Его бас то гремел, то понижался до шёпота, тоскливого и тихого шёпота, заставлявшего Паньку дрожать, как в лихорадке, и боязливо отшатываться от оконца.
– Жду смерти моей, язычники! Жду славы моей! Где палачи и мучители?
Ана-афемы! анафемы! анафемы!!.
Дикие, страшные крики потрясали дверь, и стекло, в которое смотрел Панька, тихо дребезжало.
– Ну, будет, довольно. Иди скорей домой! Иди, а то доктор увидит.
Сопровождаемый криками Арефия, Панька, ничего не понимая и не видя, вышел из коридора и пошёл куда-то. Шёл он долго, и в ушах его гремели проклятия Арефия и раздавался его страшный шёпот. Угловатое, жёлтое и бритое лицо то увеличивалось до необъятных размеров, глаза делались величиной с солнце и блестели так же ярко, но только чёрным, мрачным блеском, то вдруг оно раскалывалось на множество маленьких лиц, градом сыпавшихся откуда-то перед глазами Паньки, пронзая его сердце тысячами острых взглядов и наполняя его отчаянной, становившейся всё тяжелее тоской.
В памяти Паньки на миг вставали разные картины прошлого с Арефием, здоровым, бородатым, молчаливым… вставали, исчезали, заменялись другими, снова исчезали…
Какой-то вихрь крутил мозги мальчика, заставляя его то сразу видеть чуть не всё своё прошлое, то вдруг погружая его в странную тьму без дум, без образов и снова открывая перед ним то один былой эпизод, то целую цепь их, связанных без всякого порядка во времени тоскливой и тупой болью воспоминания о них, жалости к Арефию, страха за себя, целым хаосом чувств, сменявших одно другое, перепутывавшихся между собой и камнем давивших на голову, плечи и грудь Паньки…
Перед ним была река. От неё веяло холодом. Тёмная, о чём-то тихо шептавшая, она лилась в даль, плотно закрытую ночью, и терялась в ней. Над нею небо, густо покрытое лохматыми, рваными облаками; в разрывы их блестели его голубые клочья с двумя-тремя звёздочками в том и другом из них. Всё небо было такое рваное, ветхое, казалось, готовое вот-вот упасть на землю и в покойную, сонную реку, отражавшую в своих тёмных волнах не закрытые облаками его голубые бедные куски и жалкие, одинокие звёзды на них. За рекой темнела даль и страшно молчала.
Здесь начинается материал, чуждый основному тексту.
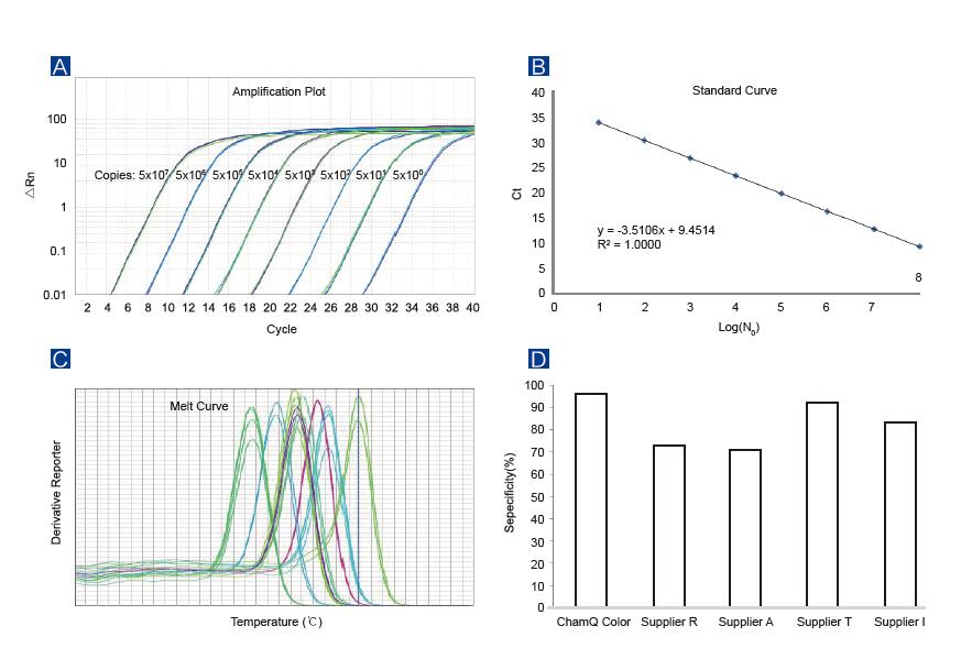圖A是將pUC19質粒進行8 個10倍梯度稀釋,圖B是根據圖A的Ct 值繪製的標準曲線。第8個梯度稀釋中質粒拷貝數濃度約為5copies/4 μl,使用ChamQ Color 預混液對各稀釋梯度中的pUC19質粒進行檢測,每孔範本使用量為4 μl。可以看到,ChamQ Color 預混液在寬廣的範本量區間具有優秀的線性關係,可以檢測出具有個位數拷貝的待測範本,靈敏度極高。
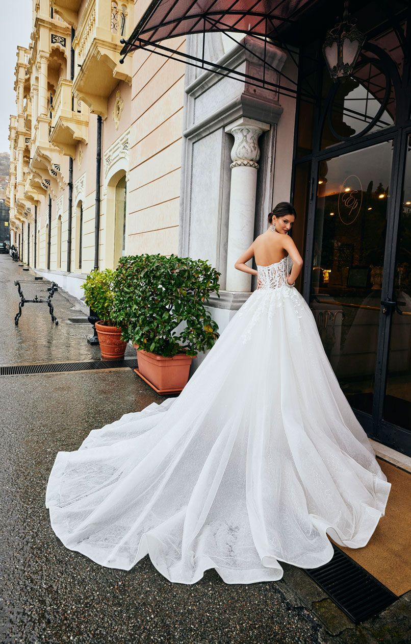 Romantico e sensuale, una rivisitazione moderna del classico abito da sposa. Il corpetto è caratterizzato da un'iconica scollatura a cuore e il meraviglioso pizzo di ispirazione floreale viene messo in risalto dalla preziosa organza della gonna. Un look totalmente etereo.

Панька быстро направился к своей будке. Но она была заперта на замок. Тогда, постояв немного, он лёг под куст бузины и лежал кверху лицом, следя за медленно ползавшими по небу облаками до той поры, пока не уснул тяжёлым сном, полным кошмаров.
Паньку разбудили чувствительные толчки в бок, он открыл глаза, мельком увидал, что над ним склонилось чьё-то знакомое лицо, и снова зажмурился от солнечных лучей, ударявших прямо ему в голову.
Этого времени ему было достаточно, чтоб ярко вспомнить всё происшедшее вчера.
– Ну-ка, вставай! – раздался над ним женский голос.
Он быстро встал. Перед ним была тётка Марья, смотревшая на него с ласковым любопытством.
– Идём-ка ко мне. Ишь ведь, бедненький, где уснул! Ты что же не приходил ко мне ночевать-то?
Панька молчал. Он не любил тётку Марью. Ему не нравилось в ней и то, что она такая большая и сильная, и то, что она всегда так много ругается, и её серые глаза, и голос, грудной и грубый, и вся она, энергичная, вечно настороже или вечно воевавшая с чем-нибудь.
Они пошли рядом друг с другом.
– Ну, уж ты не больно убивайся. Ничего, бог да добрые люди помогут, проживёшь.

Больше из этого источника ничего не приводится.